*** Data for the task Section Begins ***

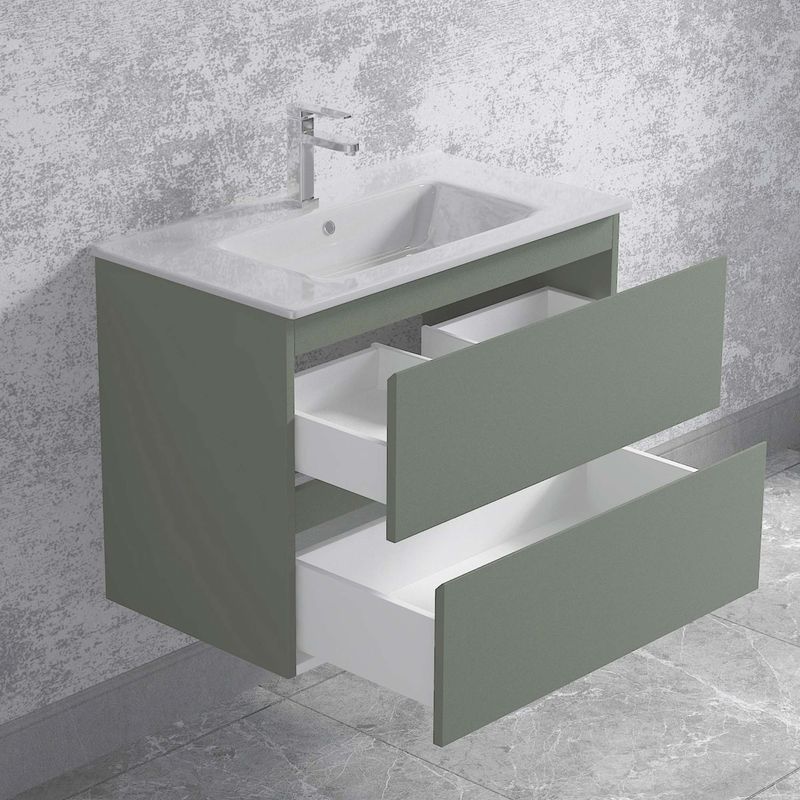Mueble de Baño Albany, es de instalación suspendida, cuenta con dos cajones de apertura soft close. Incluye lavamanos de loza y complementos de instalación.
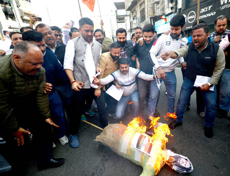 Led by Jammu and Kashmir Bharatiya Janata Yuva Morcha (BJYM) president Arun Prabhat, several dozen protesters gathered at Kachi Chawni Chowk, raised slogans against the Congress, burnt an effigy of Leader of Opposition in the Lok Sabha Rahul Gandhi, and demanded an apology from him for allegedly hurting the “honour, dignity and reputation” of the country.
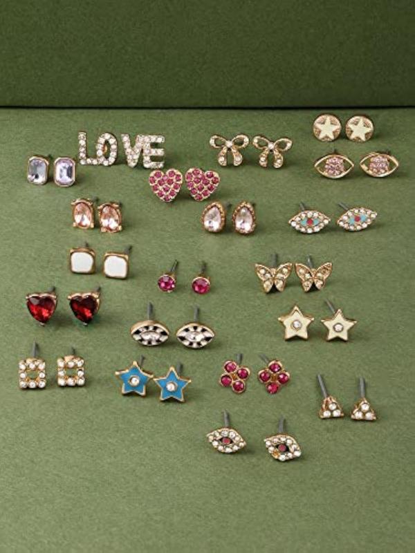 Elevate your everyday look with this set of 20 dazzling stud earrings designed for casual wear. These stylish earrings are versatile and perfect for adding a touch of glamour to any outfit.
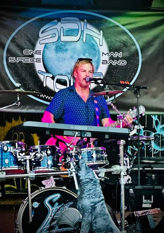 Loop artist playing five instruments and combining them together with looping technology to sound like a band no pre-recorded tracks it's all done LIVE.
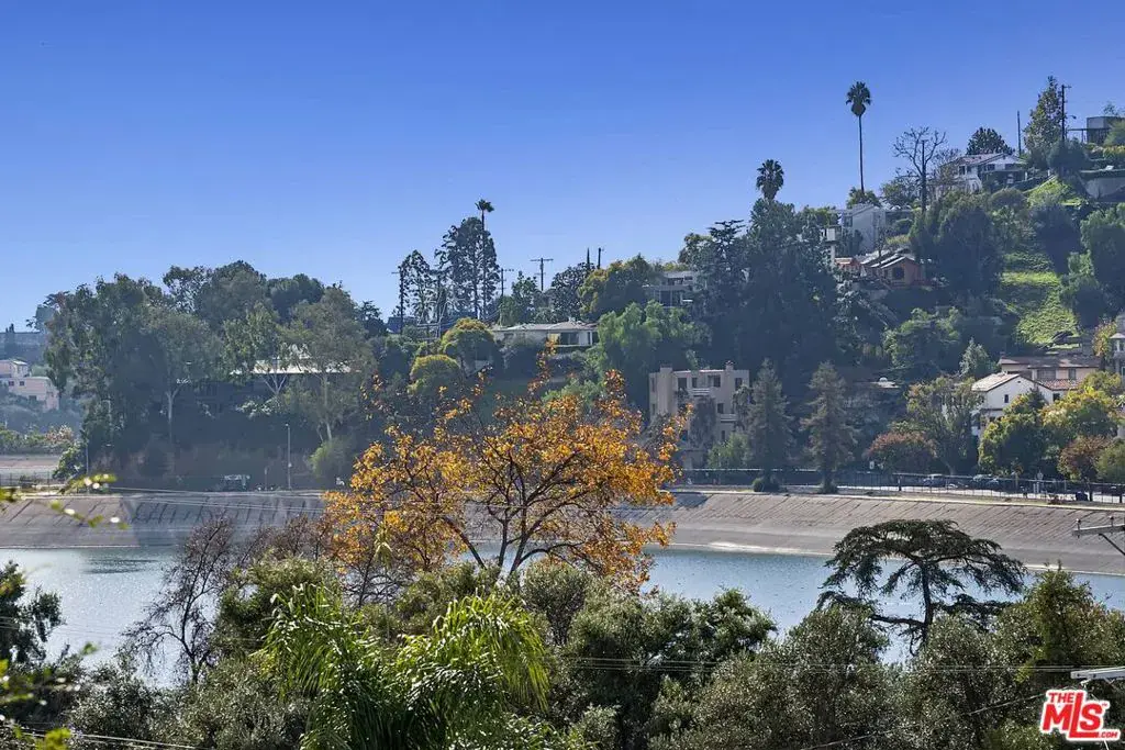 Resort style compound next to the Silverlake reservoir! Lush landscaping and palm trees surround the entertainer’s heated pool complete with cabana, outdoor bar, outdoor shower, and outdoor furniture. The house located on a rare street to street lot is walled and gated for privacy with grassy front yard and patio entry. Sun-filled upstairs features hardwood floors, living room with wood burning brick fireplace, outdoor deck with gorgeous views of the reservoir and Griffith Park observatory, formal dining room, chef’s kitchen with stainless steel appliances, 2 bedrooms, bath with vintage pink tile and direct entry 2 car garage. Downstairs showcases a spacious bedroom, bath, laundry area and a very large den with wood burning fireplace that opens out to the resort style pool area. House located in coveted Ivanhoe School District. Short distance to many beloved Silverlake destinations including Silver Lake Wine, Whole Foods, La Mill and more. Landlord pays for weekly pool maintenance and gardener. Washer, Dryer, Refrigerator, Dishwasher included. 1 year lease minimum.
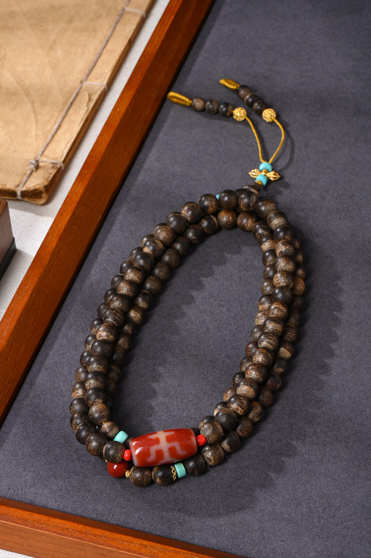 | 配饰: | 18K金+南红+绿松+天珠 |
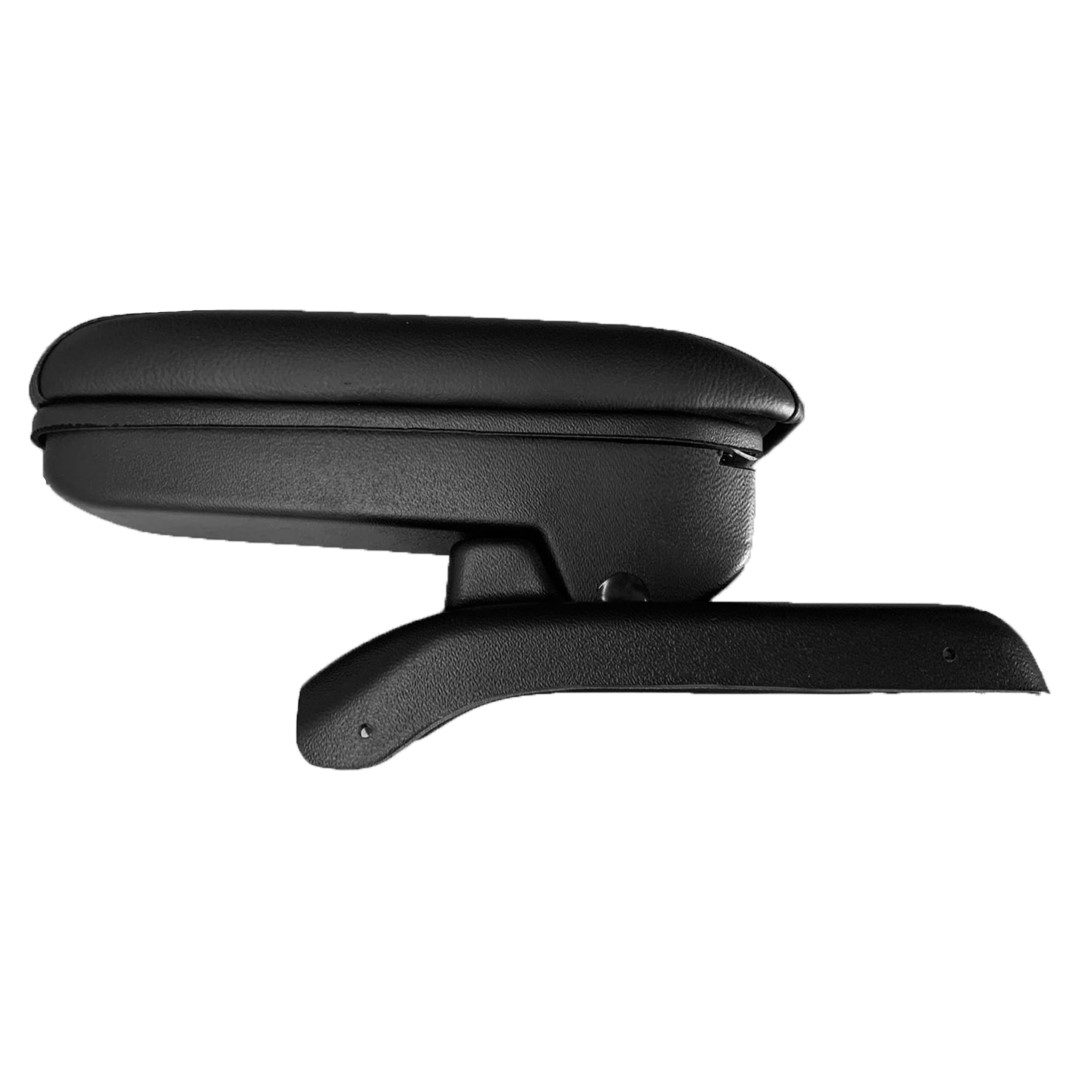 Είναι κατασκευασμένος από ποιοτικό πλαστικό σε συνδυασμό με οικολογικό τεχνόδερμα (συνθετική δερματίνη) σε μαύρο χρώμα με μαύρες ραφές και ειδικά σχεδιασμένος για να ταιριάζει τέλεια στο εκάστοτε όχημα. Διαθέτει πολύ μαλακό καπάκι, το οποίο προεκτείνεται συρταρωτά μπροστά έως και 4 cm, δημιουργώντας μεγαλύτερη επιφάνεια στήριξης, δυνατότητα ανοίγματος έως και 90 μοίρες, εσωτερικό αποθηκευτικό χώρο, σύστημα ανάκλισης για δυνατότητα ανασήκωσης κάθετα ανάμεσα από τα καθίσματα και η βάση τοποθετείται με 4 βίδες εξωτερικά από τη πίσω ποτηροθήκη/σταχτοδοχείο, κτλ. (ανάμεσα από τα μπροστινά καθίσματα).
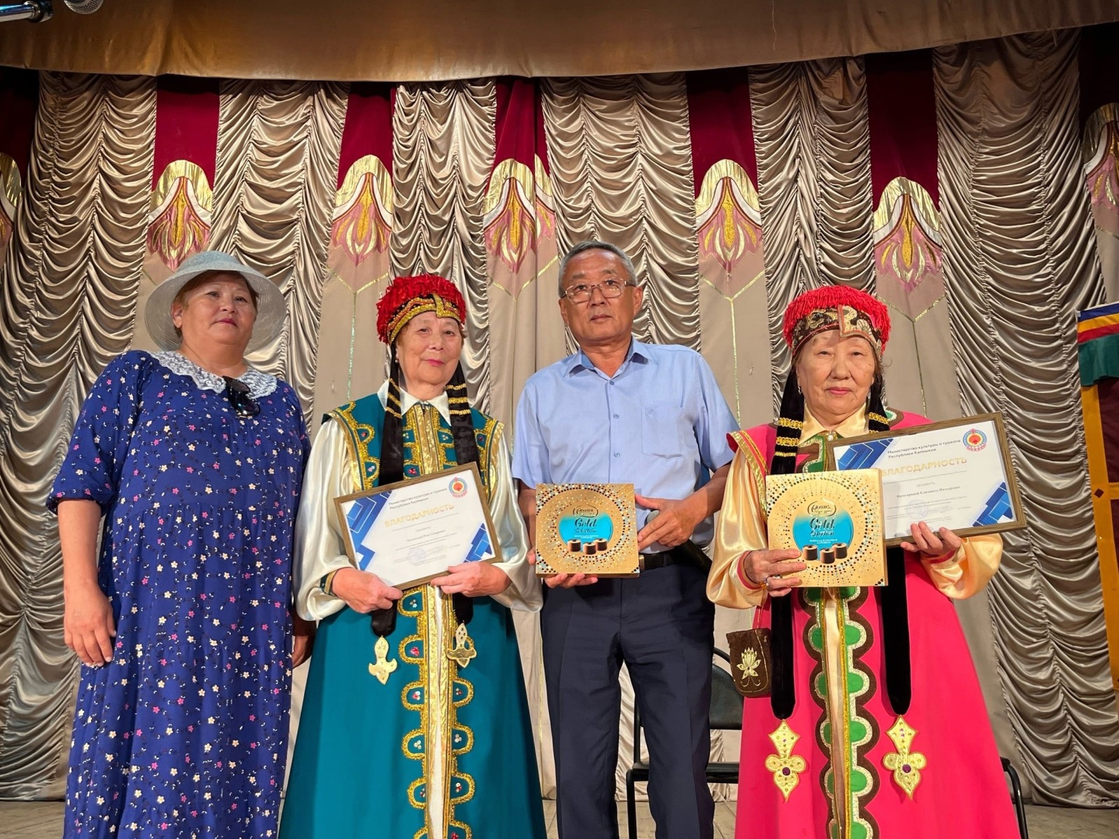Как нам стало известно, за большой вклад в развитие народного творчества республики благодарностями были отмечены ветераны народного фольклорного ансамбля "Эрктн" им. Т. Б. Алексеева - Роза Потапова, Борис Очаев и Елизавета Нимгирова.
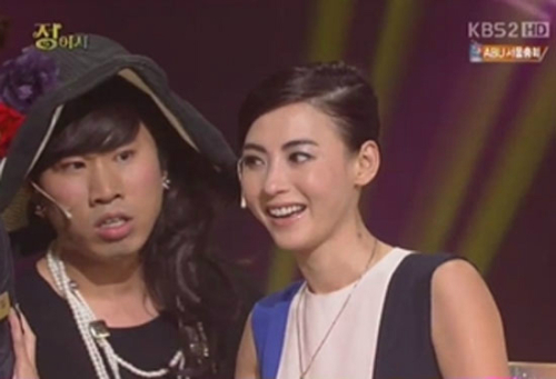 장백지는 14일 방송된 KBS 2TV '개그콘서트-정여사'에 깜짝 등장해 놀라움을 안겼다. 개그맨 송병철은 안마의자를 차지하려는 정태호에게 '유명 배우가 와도 줄수 없다'고 하자 장백지가 등장했다.

*** Data for the task Section Ends ***

Without the pictures, give again exactly the lines above starting at the line containing "Elevate your everyday" and ending at the line containing "Loop artist playing".

## [Output]
 Elevate your everyday look with this set of 20 dazzling stud earrings designed for casual wear. These stylish earrings are versatile and perfect for adding a touch of glamour to any outfit.
 Loop artist playing five instruments and combining them together with looping technology to sound like a band no pre-recorded tracks it's all done LIVE.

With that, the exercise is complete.